Oh, how our lawmakers care for themselves

Posted: August 20, 2013

I'LL ADMIT IT. I get tired of telling you how awful your Legislature is.

How it's an offense to decency and democracy, a swamp of self-interest, a skid mark on the porcelain of Pennsylvania.

You already know it's too big, costs too much and is filled with greedy, overperked people doing little or nothing for the city or the state.

And if it isn't busy sneaking pay raises or holding farewell soirees for colleagues headed to prison, it's hiding from problems like roads and bridges, pension reform, any reform, Philly schools, you name it.

It doesn't change. It doesn't get better. And it gets old.

But every time I try to stay away, something pulls me back in.

This time, it's a report in the Pittsburgh Tribune-Review on one of my favorite abuses: the per-diem program.

You remember per diems, right?

They're tax-free payments of up to $185 a day that lawmakers get on top of salary (base pay is $83,800; leaders get $130,800) if they show up for work or claim to.

They get such payments whether the Legislature is in session or not.

They're supposed to be for legitimate meal and lodging expenses but require no receipts, no proof at all that they're actually used for that purpose.

Imagine any employer anywhere passing out expense checks with no evidence of expenses.

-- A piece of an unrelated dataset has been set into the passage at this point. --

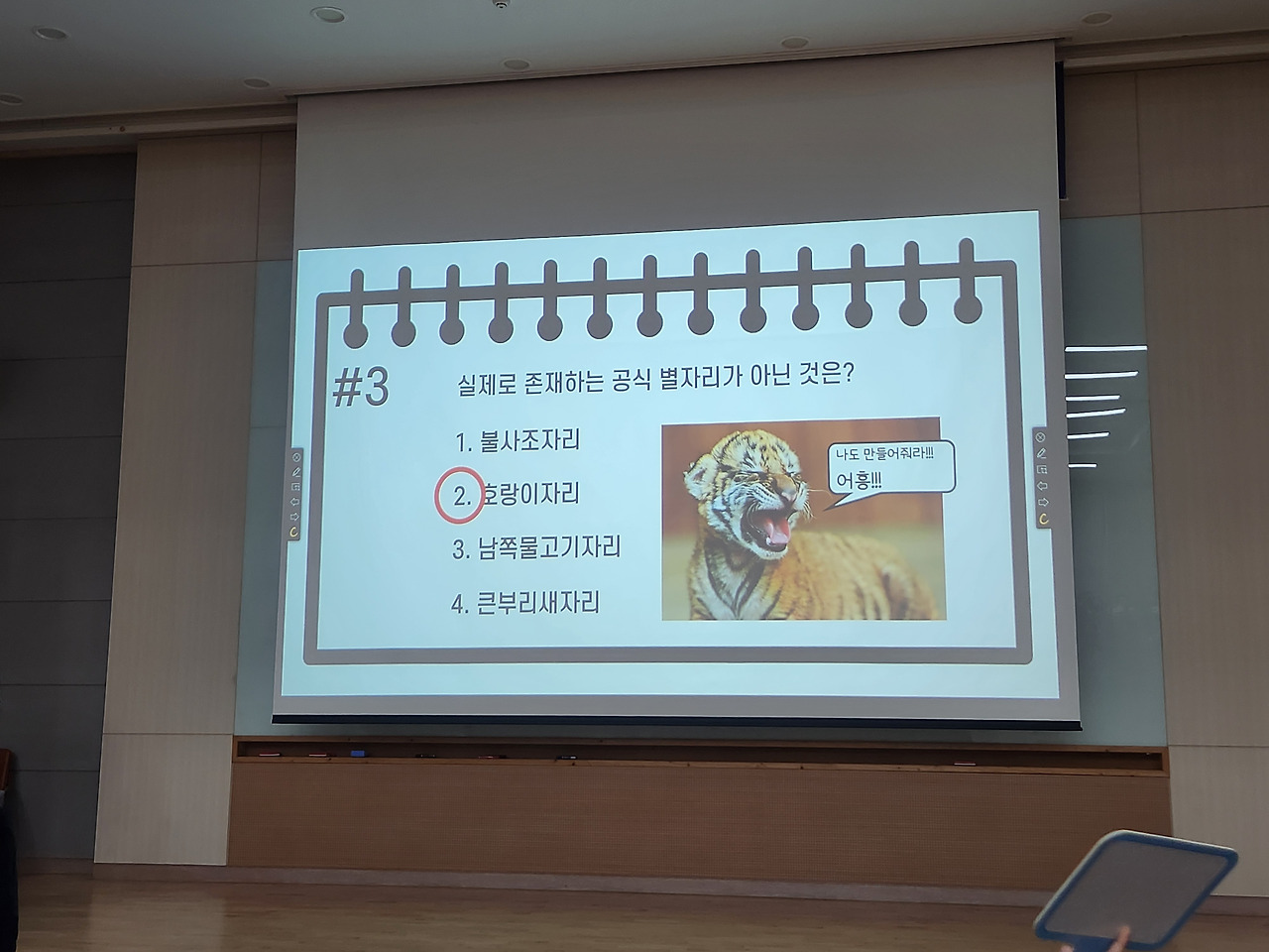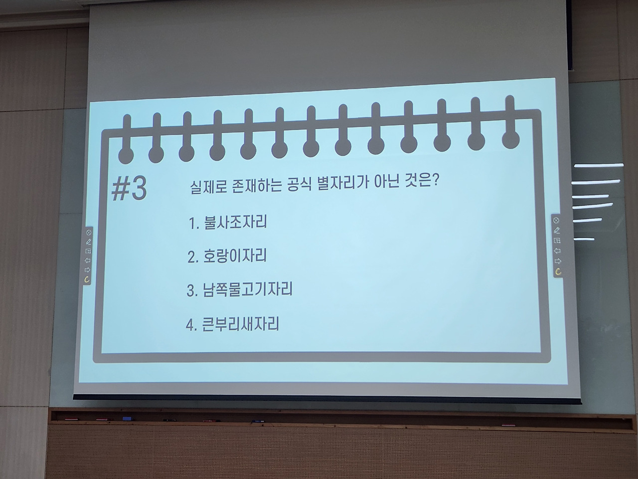 토성을 관측하고 다시 강당으로 모여 초등학생, 일반인과 중고등학생 나누어 골든벨을 하였습니다. 우리 아이는 3번까지는 통과했으나 난이도가 높아지니 탈락, 저도 그런 식으로 뒷문제에서 아쉽게 탈락하였습니다.
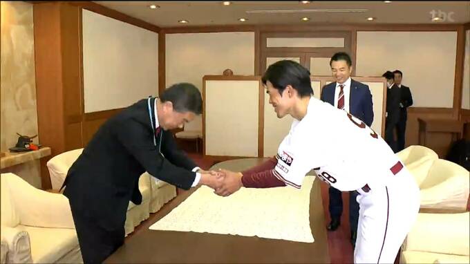 県庁を訪れたのは、楽天イーグルスの指揮を執る今江敏晃監督と楽天野球団の森井誠之社長です。就任後、初めて村井知事に挨拶した今江監督は、来シーズンは球団創設から20周年を迎えるとして、「選手が思い切ってプレーできるよう全力を注ぐ」と優勝に向け決意を述べました。

Yet, your Legislature does month after month, year after year, no questions asked.

There's no limit to the number of days lawmakers can get per diems.

Did I mention they're tax-free?

The Tribune-Review reports on payments during 2011 and 2012 just for days the Legislature was not in session.

The total is $1.3 million or, as the newspaper notes, a year's worth of income taxes from more than 900 average Pennsylvania wage earners.

The top taker, no surprise, was Philadelphia Democrat Mark Cohen: more than $38,000 for nonsession days, including all seven days of a week one July right after the Legislature left for summer.

Cohen told the newspaper that his days spent in Harrisburg when the Legislature isn't there are a sign of his dedication.

I assume he meant his dedication to getting as much of your money as possible.

He said getting away from his Philly district gives him "an absolute focus" on research and efforts at bipartisanship: "I try to look for ways to cross party lines so things can happen and get done."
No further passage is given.